Mediating the effects of peptide release

Most functional tumors of the gastroenteropancreatic system arise in the pancreas and include insulinomas, gastrinomas, VIPomas, glucagonomas, and somatostatinomas. Other functional tumors include duodenal gastrin-producing tumors and carcinoid tumors which generally occur in the ileum or appendix. Hindgut tumors are always nonfunctional. Biotherapies such as somatostatin analogs can both decrease the secretion of such peptides and inhibit their end-organ effects.

Somatostatin analogs

Somatostatin analogs are the mainstay of symptom management for patients with functional GEP-NETs. Somatostatin is a naturally occurring polypeptide produced by paracrine cells that are scattered throughout the gastrointestinal tract. Somatostatin inhibits gastrointestinal endocrine and exocrine function including the release of insulin, gastrin, glucagon, gastric, and pancreatic secretions. Somatostatin was first used to control symptoms caused by GEP-NETs in the 1970s.^3,4 Somatostatin has a 2-minute half-life and therefore required a cumbersome continuous infusion and caused rebound hypersecretion of hormones. These characteristics made somatostatin clinically impractical. Since then, longer-acting somatostatin analogs have been developed which have facilitated out-patient use and minimized rebound symptoms.

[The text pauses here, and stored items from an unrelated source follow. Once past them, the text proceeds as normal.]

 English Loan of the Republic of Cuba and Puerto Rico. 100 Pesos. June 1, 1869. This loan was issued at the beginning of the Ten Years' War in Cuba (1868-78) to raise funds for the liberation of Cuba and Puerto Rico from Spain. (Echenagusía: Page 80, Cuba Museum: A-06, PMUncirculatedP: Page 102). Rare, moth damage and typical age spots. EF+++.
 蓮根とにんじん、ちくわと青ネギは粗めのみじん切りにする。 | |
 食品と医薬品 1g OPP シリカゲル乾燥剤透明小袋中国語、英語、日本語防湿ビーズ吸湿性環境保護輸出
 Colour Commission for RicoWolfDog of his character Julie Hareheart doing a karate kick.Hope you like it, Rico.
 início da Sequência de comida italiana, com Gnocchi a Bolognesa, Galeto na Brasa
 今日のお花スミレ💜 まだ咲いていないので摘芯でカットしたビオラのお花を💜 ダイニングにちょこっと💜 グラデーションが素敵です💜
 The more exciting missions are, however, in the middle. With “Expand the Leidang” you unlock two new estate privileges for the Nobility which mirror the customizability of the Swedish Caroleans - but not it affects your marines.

Octreotide was the first somatostatin analog introduced for clinical use. It has a half-life of 2 hours, requiring 2–3 daily injections, and is not associated with the rebound symptoms that plagued the use of somatostatin. A meta-analysis of 62 published studies was performed in 1999 and examined the relationship between the short-acting octreotide dose and efficacy in terms of decreasing urinary 5-HIAA levels, flushing, and diarrhea.⁵ The analysis found that increasing doses of octreotide (100–1000 μg/day) were directly associated with decreasing 5-HIAA levels and symptom improvement. Individualized dose titration was emphasized.

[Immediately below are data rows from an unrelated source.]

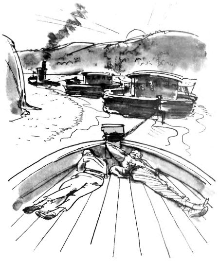 Они только-только устроились, улеглись на тёплую палубу, как послышались приглушённые голоса, мягко зарокотал вдалеке двигатель – ожил буксир, запряжённый в связанные баржи, как конь в телегу.
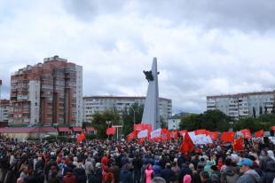 На фото: митинг на площади возле СКК им. Блинова; выступающие - А.А. Кравец, О.Н. Смолин, А.А. Алехин.
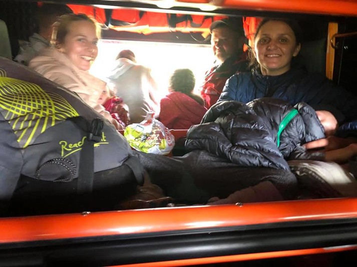 О 19:55 рятувальники на спецавтомобілі доставили дітей та жінок, котрі потребували допомоги на г. Говерла, до урочища Козьмещик. Інші члени групи рухаються пішки у супроводі рятувальників.
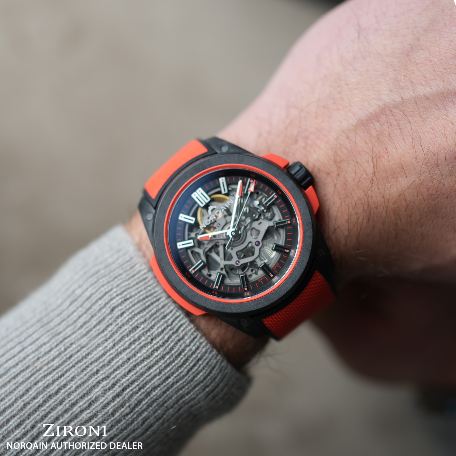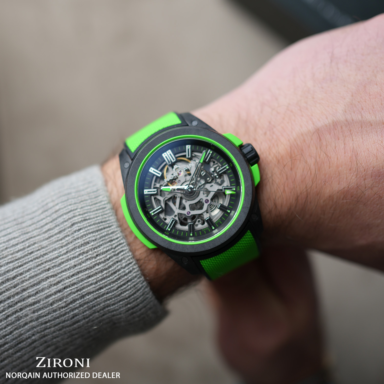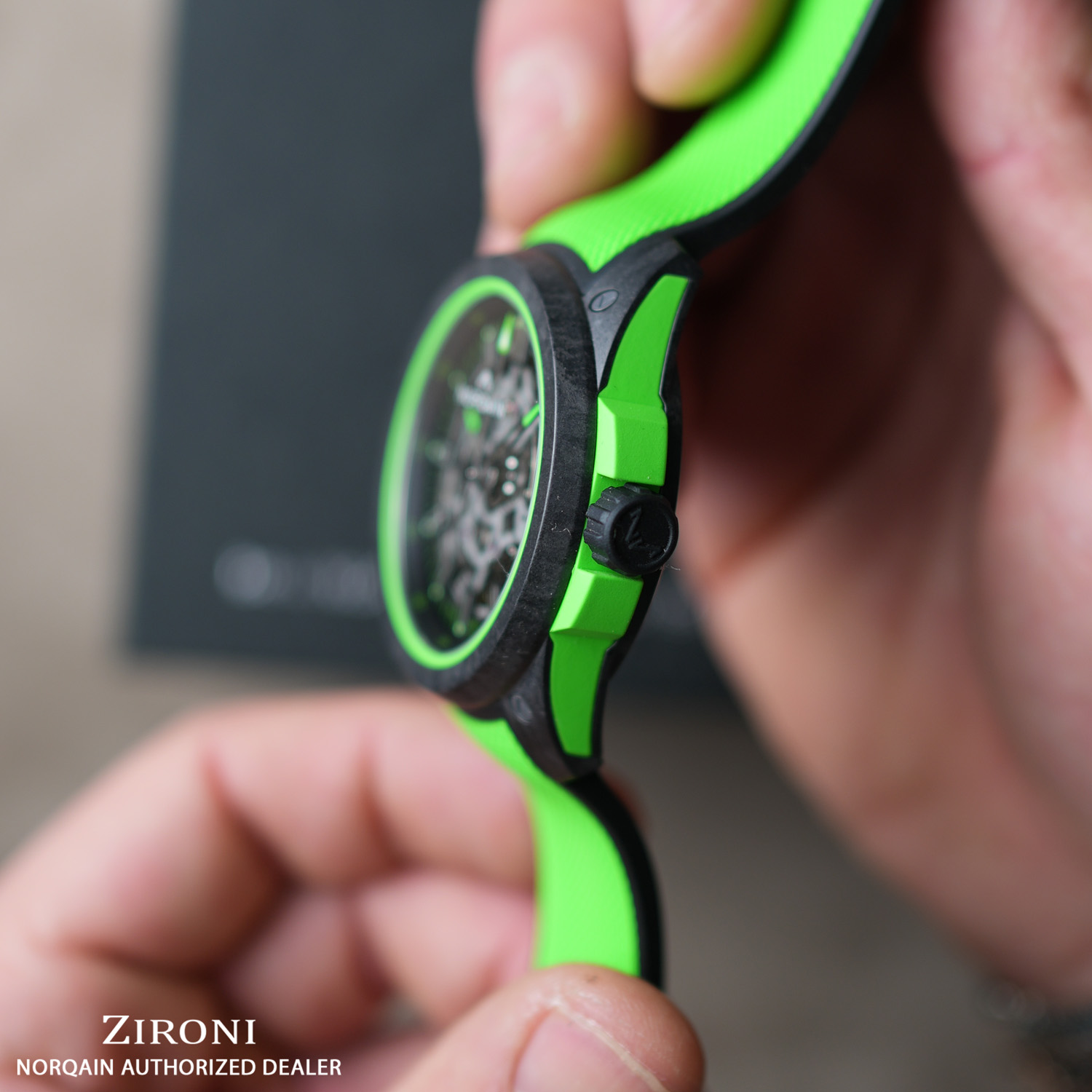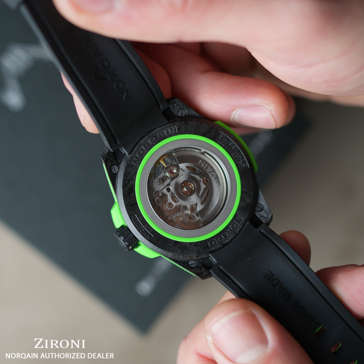 Realizzato con il nostro materiale in fibra di carbonio NORTEQ brevettato, ultra resistente e ultraleggero, il Wild ONE è l'orologio sportivo ad alte prestazioni per eccellenza. Sei volte più leggero dell'acciaio e 3,5 volte più leggero del titanio, questo Wild ONE è stato progettato in collaborazione con Jean-Claude Biver, il team NORQAIN e i migliori fornitori svizzeri
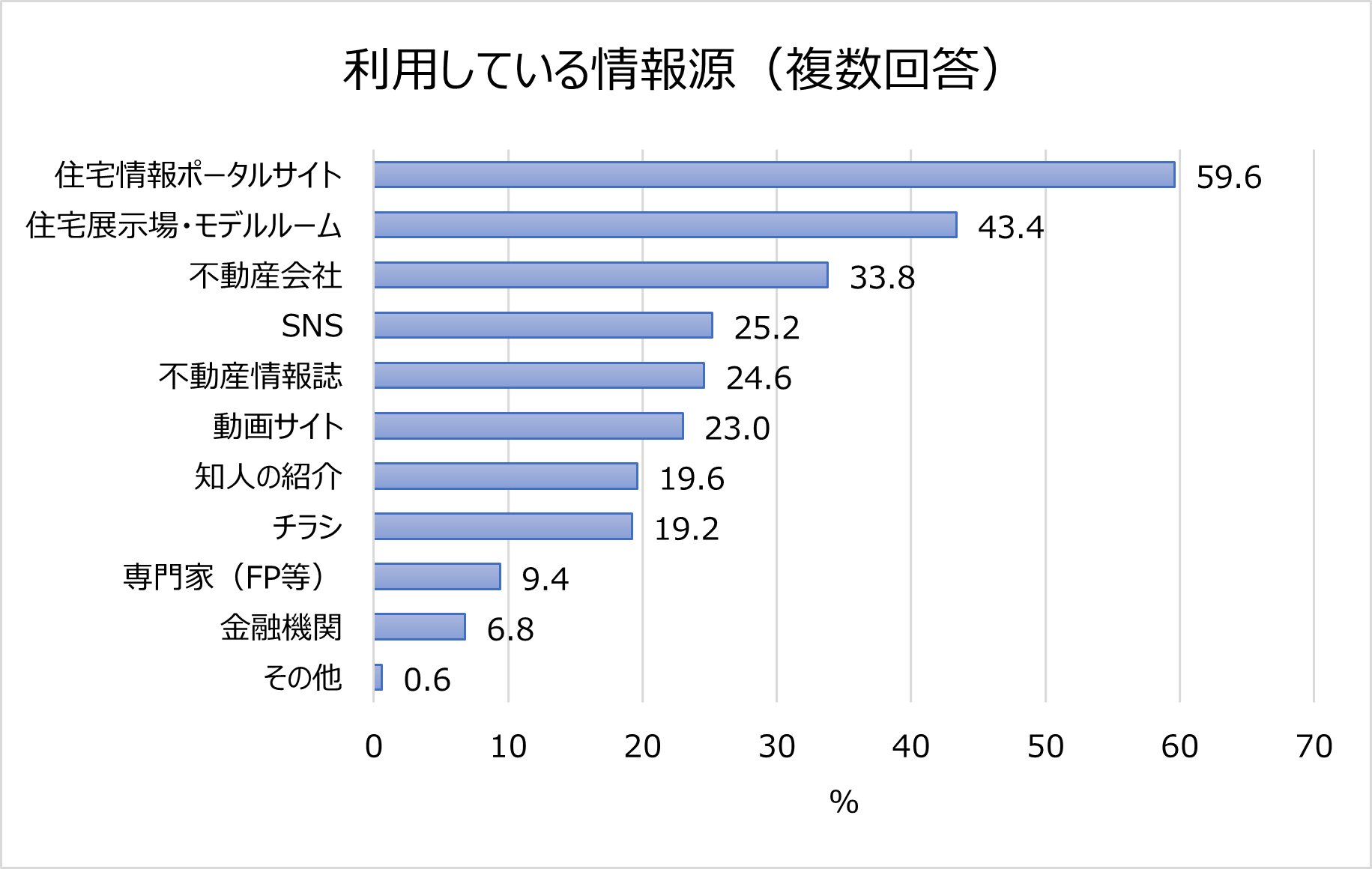 住宅を選ぶ際に最も利用されている情報源は「住宅情報ポータルサイト(59.6%)」でした。「SNS(25.2%)」や「動画サイト(23.0%)」を利用している人も多く、オンライン上のツールが上位に入りました。一方で、2番目3番目に回答が多かった「住宅展示場・モデルルーム(43.4%)」や「不動産会社(33.8%)」など、住まい選びとなると実際に足を運んで情報収集する人も多くいるという結果に。

A longer-acting octreotide formulation (octreotide acetate LAR [long-acting repeatable]) was developed in the mid 1990s. The slow microsphere drug release of the LAR preparation offers the convenience of monthly intramuscular dosing. Studies comparing the shorter-acting and longer-acting forms of octreotide have demonstrated equal efficacy in terms of symptom control, with symptomatic response rates of 60% to 72% across groups.⁶ Other studies have reported 65% to 100% response rates with octreotide LAR. Initiation of octreotide LAR often requires coverage with a short-acting formulation for 2–3 weeks until steady-state levels of LAR are achieved.

Lanreotide LA and lanreotide Autogel^® are more prolonged release formulations of octreotide. Lanreotide LA is a single strength, slow-release microparticle, administered intramuscularly every 14 days. Like octreotide LAR, lanreotide LA usually requires coverage with the shorter-acting octreotide until steady state-levels are reached. The symptomatic response rates with lanreotide LA range from 45% to 90%.⁷ Studies evaluating lanreotide versus short-acting octreotide in terms of efficacy, patient acceptability, and tolerance have favored lanreotide.⁸ Lanreotide Autogel is a newer formulation supplied as a prefilled syringe of viscous aqueous solution and is administered by deep subcutaneous injection every 28 days and is only available in Europe; studies in the US are ongoing to allow for FDA filing. There are no studies directly comparing the various longer-acting formulations.

The longer-acting somatostatin analogs are generally preferred for chronic symptom management with GEP-NETs because of ease of administration. However, the short-acting octreotide formulation is still preferred prior to invasive procedures for prevention and management of carcinoid crisis.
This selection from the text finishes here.